President Donald Trump said the U.S. government could start distributing a coronavirus vaccine as early as October, a much more optimistic estimate than its own health officials.

"As you know, we are very close to this vaccine and I think a lot closer than I think most people want to say," Trump said during a press conference at the White House on Wednesday. "We think we can start sometime in October. As soon as it's announced, we can start. That will be from mid-October. It can be a little later."

He said the US has made all the necessary supplies and health officials could distribute at least 100 million doses of vaccine by the end of the year. The vaccine could be distributed from October or November, but he said, "I don't think it will be too much later."

Trump's comment came as infectious disease experts and scientists have raised concerns over the past few weeks that the White House could pressurize the Food and Drug Administration to approve a vaccine before it is adequately tested. There are currently no approved vaccines, and at least three drug companies expect to know if their potential vaccines will work by the end of the year.

Dr. Anthony Fauci, the nation's leading infectious disease expert, said it was "conceivable" but the US is unlikely to receive a safe and effective vaccine by October.

Regardless of which vaccine is FDA approved, it will likely run short once it's cleared for public distribution, medical experts warn. The vaccine is likely to require two doses at different intervals, and states still face logistical challenges such as setting up distribution points and obtaining enough needles, syringes, and bottles needed for immunizations.

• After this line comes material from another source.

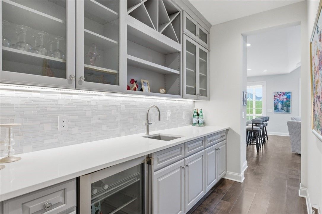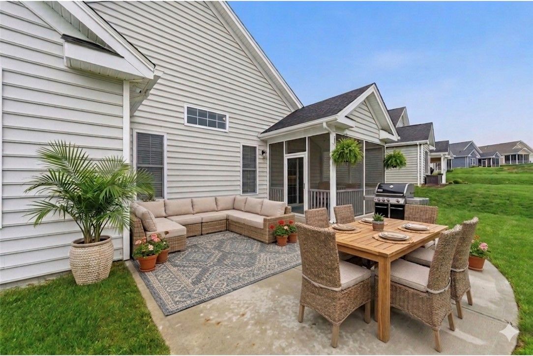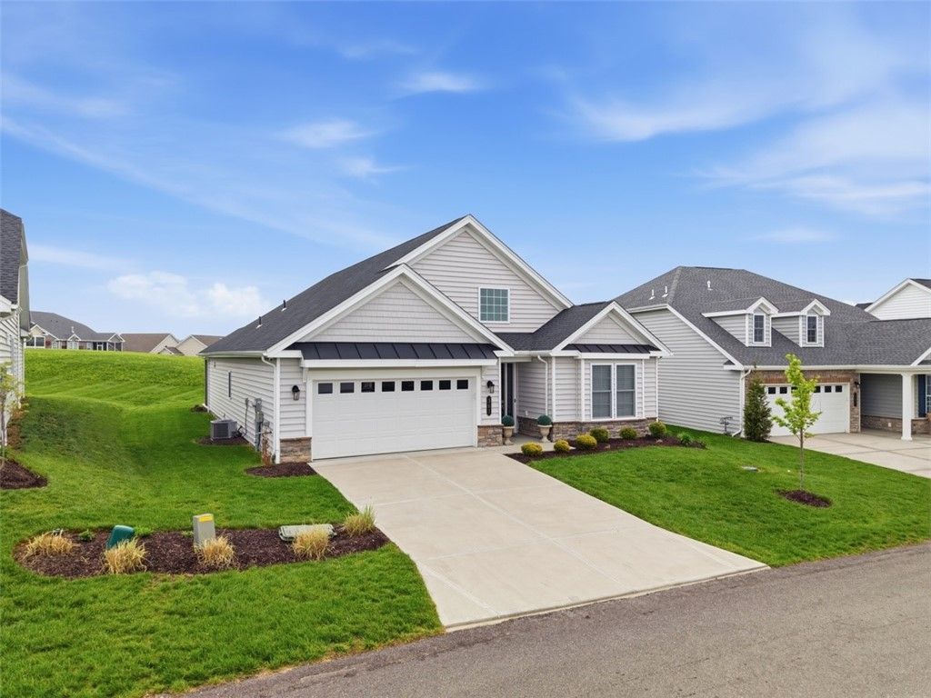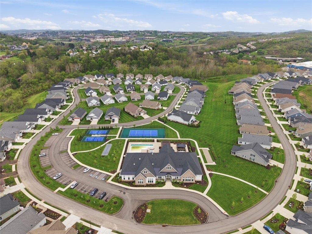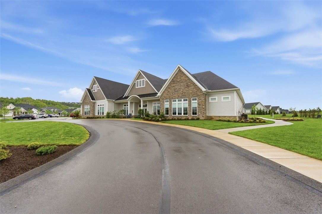 Welcome to one of Pittsburgh’s premier 55+ communities—just minutes south of the city in Cecil Township—where resort-style living meets everyday convenience. Centered around an impressive 11,000+ square foot clubhouse, Traditions of America at Southpointe offers an active adult lifestyle with exceptional amenities. This extraordinary single-family detached ranch is truly move-in ready and designed for the discerning buyer seeking low-maintenance, high-end living. From the moment you arrive, you’ll be captivated by the upgraded 8-foot entry door with sidelights, opening into a stunning foyer with a dramatic 17-foot volume ceiling. Throughout the home, you’ll find 9-foot ceilings and 8-foot interior doors, creating an open and elegant feel. A 2-foot extension across the kitchen and great room enhances the already spacious layout, making it ideal for both everyday living and entertaining. The thoughtfully designed floor plan offers true one-level living, complete with flush entries and a zero-threshold shower, while still providing generous space throughout. The home features two bedrooms, two full baths, and a beautifully appointed study with custom built-in bookcases. The luxurious owner’s suite includes two walk-in closets and a spa-like bath with double vanities and an upgraded flush-entry tile shower. At the heart of the home, the chef’s kitchen is a showstopper—featuring high-end GE Monogram stainless steel appliances, elegant Medallion cabinetry, and white/gray quartz countertops. A large center island comfortably seats five, and the adjacent butler’s pantry offers a beverage refrigerator and bar sink—perfect for entertaining. Enjoy outdoor living with a covered 11x6 screened porch and an additional wraparound concrete patio, ideal for relaxing or grilling. The well-designed mudroom leads to a fully equipped laundry area with custom cabinetry and GE front-load washer and dryer. Additional amenities include on-demand hot water and a spacious 14x14 storage room with easy stair access—perfect for seasonal items. Traditions of America at Southpointe delivers an unmatched lifestyle, featuring a stunning clubhouse with a fitness center, sauna, yoga studio, wine tasting room, and even a dog grooming station. Outdoor amenities include a community pool, pickleball, tennis, bocce, shuffleboard courts, and a golf simulator. Why wait to build when you can have it all now? This exceptional home offers luxury, convenience, and community—all in one. Low HOA includes lawn care, snow removal, and full access to amenities.

Earlier in the day, the Centers for Disease Control and Prevention put in place a comprehensive plan to make vaccines for Covid-19 free for all Americans. In the plan, the CDC assumes that a coronavirus vaccine will receive emergency approval before full formal approval.

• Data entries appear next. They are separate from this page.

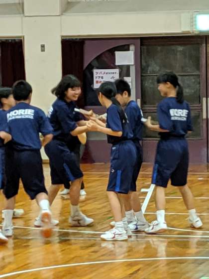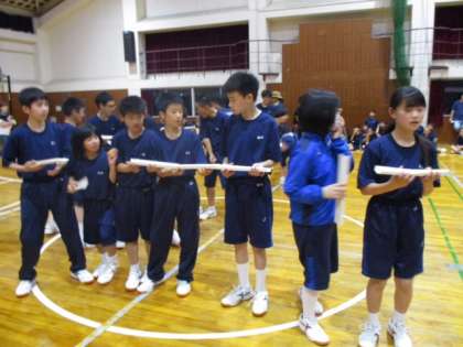 室内オリンピック 第四競技は みんなで協力!橋渡しリレーです。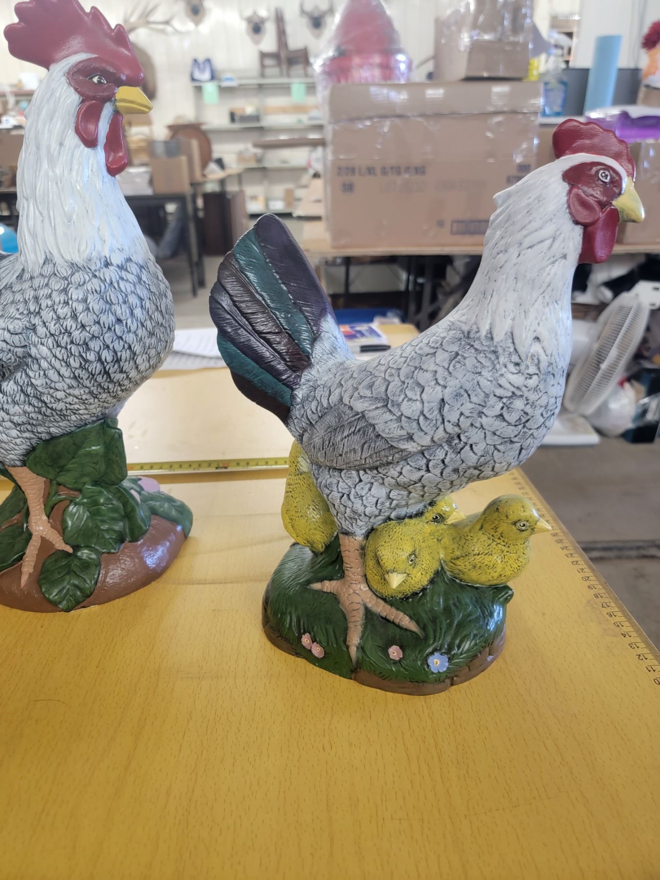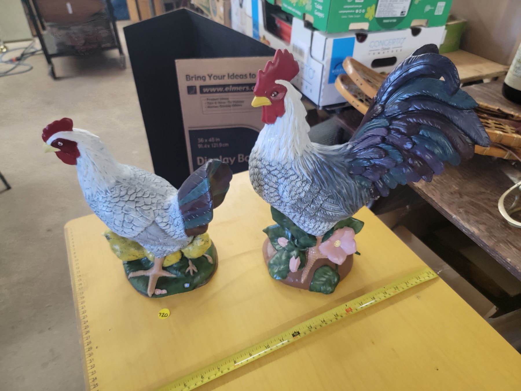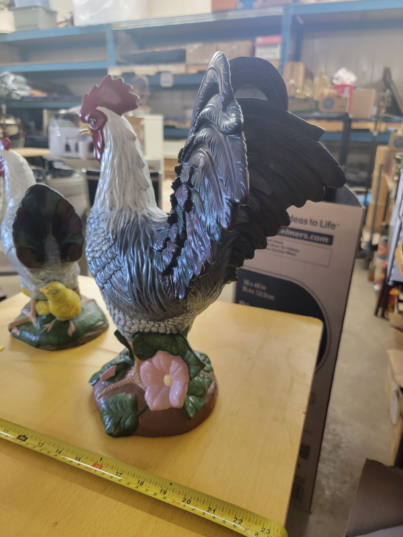 2 ceramic chickens hand painted, very well done 16" + 12"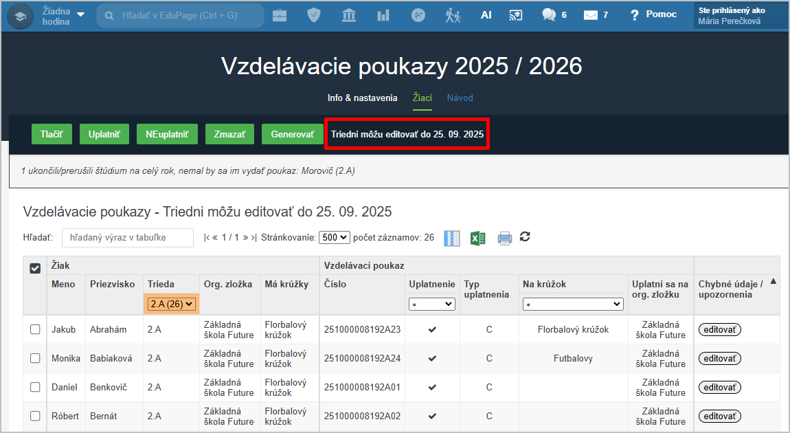 Triedny učiteľ v takom prípade vidí, dokedy je možné údaje zadávať.

CDC director Dr. Robert Redfield told lawmakers at a Senate hearing that he expected vaccinations to start in November or December, but in limited quantities, with those most in need receiving the first doses, such as: B. Healthcare Workers. He said it would take about "six to nine months" to vaccinate the entire American public.

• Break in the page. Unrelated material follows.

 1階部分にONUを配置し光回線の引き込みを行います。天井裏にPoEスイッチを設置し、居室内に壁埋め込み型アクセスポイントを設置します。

Trump said Redfield was wrong when he said the vaccine wouldn't be available to the general public until next summer or early fall.

"I think he made a mistake saying this. It's just wrong information and I called him and he didn't tell me and I think he may have confused the message, maybe it was given incorrectly", said Trump. "We are up and running as the vaccine is announced and could be announced in October. It could be announced shortly after October, but as soon as we get started we will be ready."

Trump said he "got the impression" that Redfield "didn't understand" what he was saying.

"I didn't see him say that, but if he said that, then it's a mistake because … we are ready to distribute immediately to a large part of our country and beyond, but also because we want to help other countries We are ready to distribute immediately, "said Trump.

The CDC did not immediately respond to requests for comment on Trump's remark.

Trump also said he thinks drug manufacturers are having "tremendous success" with vaccines.

"The results will be early and strong. The safety has to be 100% and we will insist and companies will insist," he said.

As larger amounts of vaccines become available, there will be two concurrent goals, according to the CDC: to ensure widespread access to vaccination and to ensure high uptake in target populations, especially those at high risk of death or complications from Covid-19 .

"The CDC's goal is to have enough Covid-19 vaccine for everyone in the US who wants to be vaccinated," Redfield said.

Even if a vaccine can be distributed by the end of the year, numerous polls suggest that Americans would be reluctant to get one.

Only 42% of Americans say they would want a vaccine, according to a survey by the non-partisan Kaiser Family Foundation released this month. 60% to 80% of population epidemiologists say it is necessary to achieve what is known as herd immunity and to suppress the virus.

CNBC's Kevin Breuninger contributed to this article.